Co do pulsu to śrenia wyszła 149HR, od początku zajęć poszło do poziomu około 155HR - 160HR i jakoś nie chciało zejść niżej przez całe zajęcia. RAZ zrobiłem skok w strefę HIGH i przekręciłem do 186HR ale jakoś nie musiałem się bardzo namęczyć aby osiągnąć taki puls... ;) Ciekawe dlaczego, hehe? :D Przeliczyłem "odświażanie" i tak: po 1 minucie spadek do 172HR, po 2 minutach spadek do 164HR. Mogło by być lepiej. Sprawa, która natomiast mnie zdziwiła, to mała ilość potu jaka się ze mnie "wylała" - mało jak na moje "możliwości" ale stawiam to na kanwę odpoczynu i ustabilizowana gospodarka wodna po sezonie.

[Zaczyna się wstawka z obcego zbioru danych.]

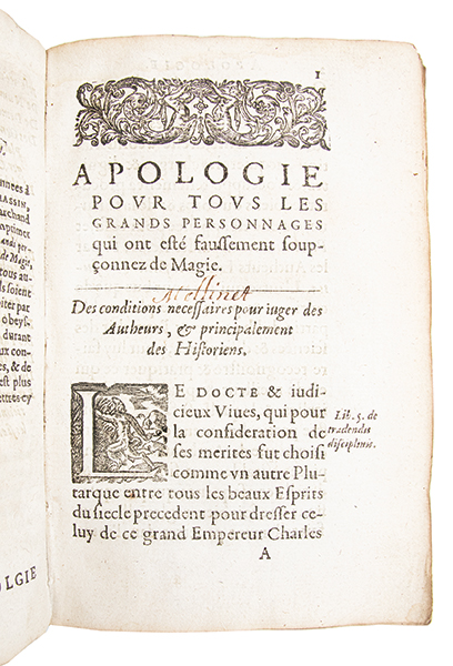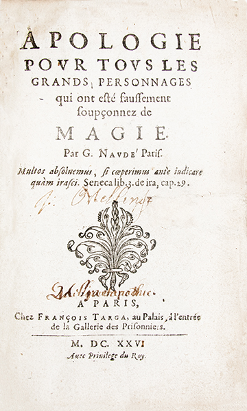 Édition originale rare. Gabriel Naudé (1600-1653), médecin, bibliophile et bibliothécaire du cardinal Mazarin, compte parmi les plus illustres représentants du groupe des « libertins érudits ». Publiée en 1625, l’Apologie’ paraît dans un contexte troublé, marqué par les procès de Théophile de Viau, de la maréchale dAncre et dUrbain Grandier. Naudé y entreprend de défendre les savants et philosophes injustement accusés de magie. En convoquant des figures telles que Pythagore, Roger Bacon ou Pic de la Mirandole, il démontre combien linnovation intellectuelle fut souvent, par ignorance et crédulité, assimilée à des pratiques diaboliques. Considérée comme un manifeste de tolérance intellectuelle, l’Apologie’ illustre lattitude critique des libertins érudits, soucieux de distinguer savoir et superstition, et de défendre la liberté de recherche. Elle occupe une place majeure dans lhistoire de la lutte contre lobscurantisme et annonce, par son esprit rationaliste, les combats scientifiques et philosophiques des Lumières. « Ce livre est une première manifestation de lesprit critique en des choses où il ny en avait pas » (Henri Busson, ‘De Charron à Pascal’, p. 367). « Des accents comme ceux que trouve Naudé pour condamner le manque desprit critique, pour préconiser une vérification méthodique des faits et dires, surtout à légard dun prétendu surnaturel, on en percevait rarement de son temps ; on nen percevra plus guère avant Bayle et Fontenelle, que l’Apologie’ annonce à plus dun titre » (Pintard, ‘Le libertinage érudit’, p. 449). (Caillet, 7923. Duveen, 423. Guaita, 753. Yve-Plessis, ‘Sorcelerie’, 1647). Ex-libris manuscrit répété de « Gabriel Mellinet ». On trouve un Gabriel Mellinet (1651-1714), apothicaire à Nantes et ancêtre du général Anne François Mellinet (1768-1852). Feuillets brunis. Bon exemplaire

Podsumowując, plan jaki mam do zrobienia jest rozpisany do końca kwietnia 2013:
1. od dziś do Świąt Bożego Narodzenia - Wytrzymałość
2. Styczeń - Wytrzymałość Siłowa
3. Luty - Siła / Wytrzymałość Siłowa
4. Marzec - Wytrzymałość Szybkościowa + Interwały
5. Kwiecień - Początek treningów na szosie + treningi techniczne w klubie
6. 27 Kwietnia 2012 - Start w maratonie szosowym w Trzebnicy
W miarę postępów w przygotowaniu plan będzie prawdopodbnie na bieżąco modyfikowany, o potrzebne komponenty. Dodatkowo 2 razy w tygodniu, po raz pierwszy od tego sezonu dołączam ćwiczenia na siłowni i bases po 2 x 1H. Zobaczymy co to da w sezonie. :)
Czasy w progach:
Lo (do 140HR) - 10:14
In (141HR - 169HR) - 1:20:20
Hi (od 170HR) - 15:54
Spalono: 0,25kg.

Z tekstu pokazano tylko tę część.